Client Updates

COMESA’s Expanded Consumer Protection Mandate of the CCCC

On 4 December 2025, the COMESA Council of Ministers adopted the COMESA Competition and Consumer Protection Regulations, 2025, which repealed the old regime effective 5 December 2025.

On 4 December 2025, the COMESA Council of Ministers adopted the COMESA Competition and Consumer Protection Regulations, 2025, which repealed the old regime effective 5 December 2025. Aside from the mandatory and suspensory merger control regime (for an overview see our client brief on the merger control regime) the new Regulations substantially expanded the Commission's consumer protection mandate.

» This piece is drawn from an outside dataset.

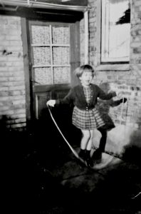 Jeg var nem at lokke til gale streger af de lidt større drenge Ib Kruse bla.stod ude på gaden med en luftbøsse og fik mig til at skyde mod udhusdøren (den på billedet) skød så hul i ruden 🙄 Så var det tid for Mor at få fat i tæppebankeren 🥴

The old regime, embedded within the broader competition regulations, was characterized by a largely discretionary enforcement approach. Consumer protection was a secondary consideration, assumed to follow from competition enforcement rather than being a standalone priority (for a discussion of the old regime see our cliet brief on the old regime). In contrast, the 2025 Regulations recognize consumer protection as an explicit, primary mandate of the Commission. The 2025 Regulations substantially increased the Commission’s regulatory authority in respect to consumer protection matters with cross boarder effects. They explicitly empower the Commission to actively enforce consumer protection rights, rather than merely monitoring consumer issues. Furthermore, in line with the amendments to the COMESA merger control and antitrust regimes, the 2025 Regulations identify the digital economy as a key concern in respect to consumer protection. The increased importance of consumer protection within the Commission’s mandate is also reflected in the renaming of the COMESA Competition Commission to COMESA Competition and Consumer Commission (CCCC).

Express consumer rights

The 2025 Regulations establish a set of enforceable consumer rights and corresponding prohibitions. Consumers are entitled to accurate and truthful information, with false, misleading, or deceptive representations expressly prohibited. There is a clear right to safety and product conformity, reinforced by bans on the sale of unsafe, defective, or non-standard goods. The regime further prohibits capturing and exploitative behavior, and conduct that takes advantage of consumers’ weaker bargaining positions. Unfair terms in consumer contracts are outlawed, particularly clauses that distort contractual fairness or unduly prejudice consumers. In addition, consumers are guaranteed access to redress, including compensation and corrective orders where harm has been sustained.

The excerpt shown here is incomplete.